Using the listing below, give again exactly the lines from the line with "que se revelan" to the line with "St. Petesburg, capital", inclusive, without the pictures.
---------- Given entries
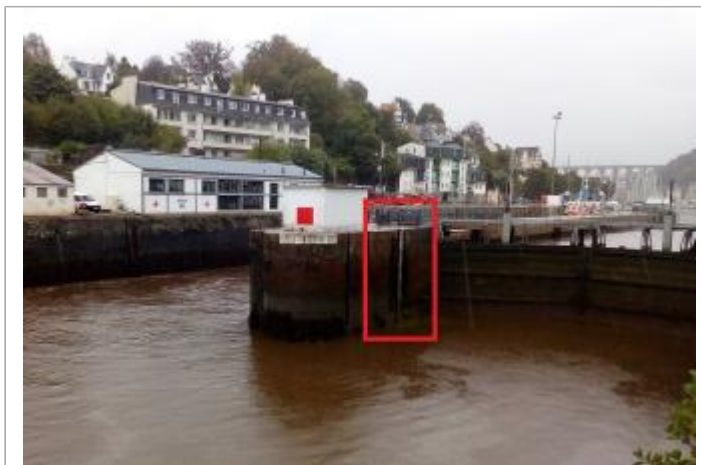
Morlaix écluse échelle aval
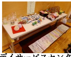
デイサービスセンター さんさん
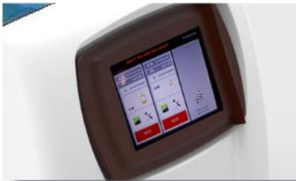
DISPLAY TOUCH SCREEN
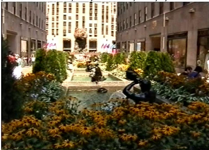
Pred Rockefeller Center

svete módy: Lord a Taylor, Saks, Cartier. Zaujmu nás kamenné levy pred vchodom do newyorskej Public Library - verejnej knihovne.
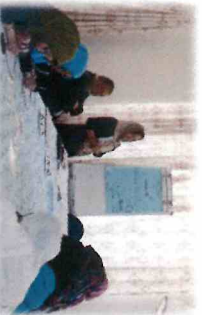
教師の養成・授業の運営
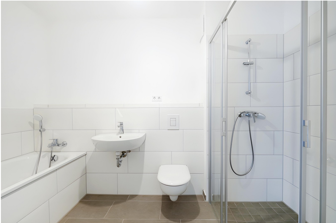
Beispielansicht Badezimmer 2
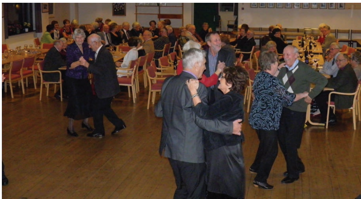
Danseskjeld i Turnhallen
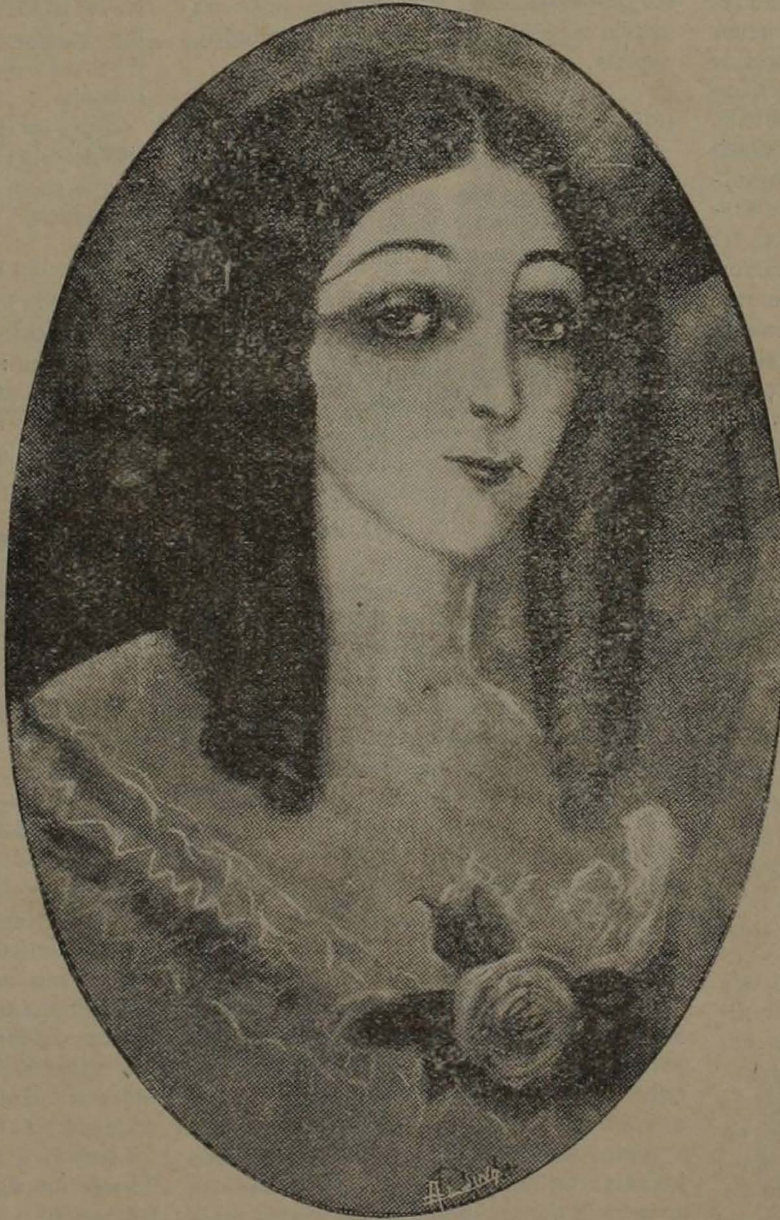
MARIA DUPLISSIS, «LA DAMA DE LAS CAMELIAS»

«Me parece que la veo todavía: grandes ojos negros, vivos, dulces, llenos de asombro, casi inquietos, y en los que se revelan
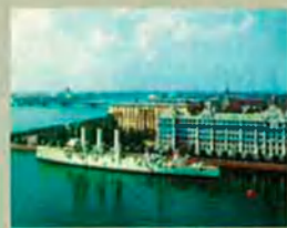
St. Petesburg, capital de Rússia, on Verdaguer trobà un poble "pobre i esclavitzat per la tirania dels Tsars".

Des de Berlín, en el curs del viatge per l'Europa central, fa una breu escapada a Sant Petersburg, travessant l'aleshores "inexistent" Polònia. En arribar a la frontera russa, confessa trobar-se "a la porta d'un altre món". A Rússia, "tot canvia de fesomia: el país i la gent, i tan de sobte que costa de
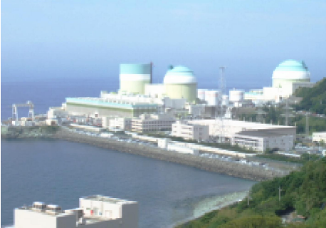
再稼働に向け準備の進められる伊方原発

「計画停電のお知らせへガキによる不安を解消せよ!」の要求では、「最大電力は過大に、供給力は過
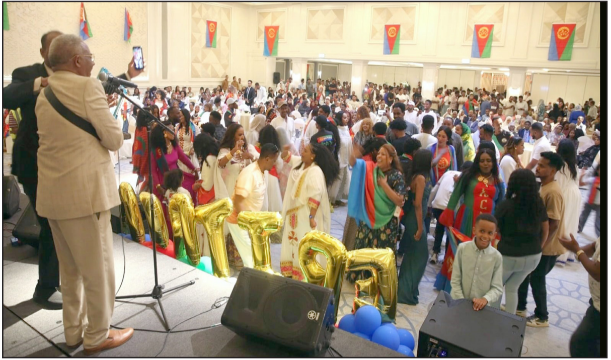
እናሕደሰናን ከምዝኸነ ብምጥቃቕ ከም ወገኑ ብልዑል ንቕሓትን ሓይል ውዳሰን ምሕራሕ ከምዘድሊ ኣገዛዚ።
--------------------
Output of the exercise:
«Me parece que la veo todavía: grandes ojos negros, vivos, dulces, llenos de asombro, casi inquietos, y en los que se revelan
St. Petesburg, capital de Rússia, on Verdaguer trobà un poble "pobre i esclavitzat per la tirania dels Tsars".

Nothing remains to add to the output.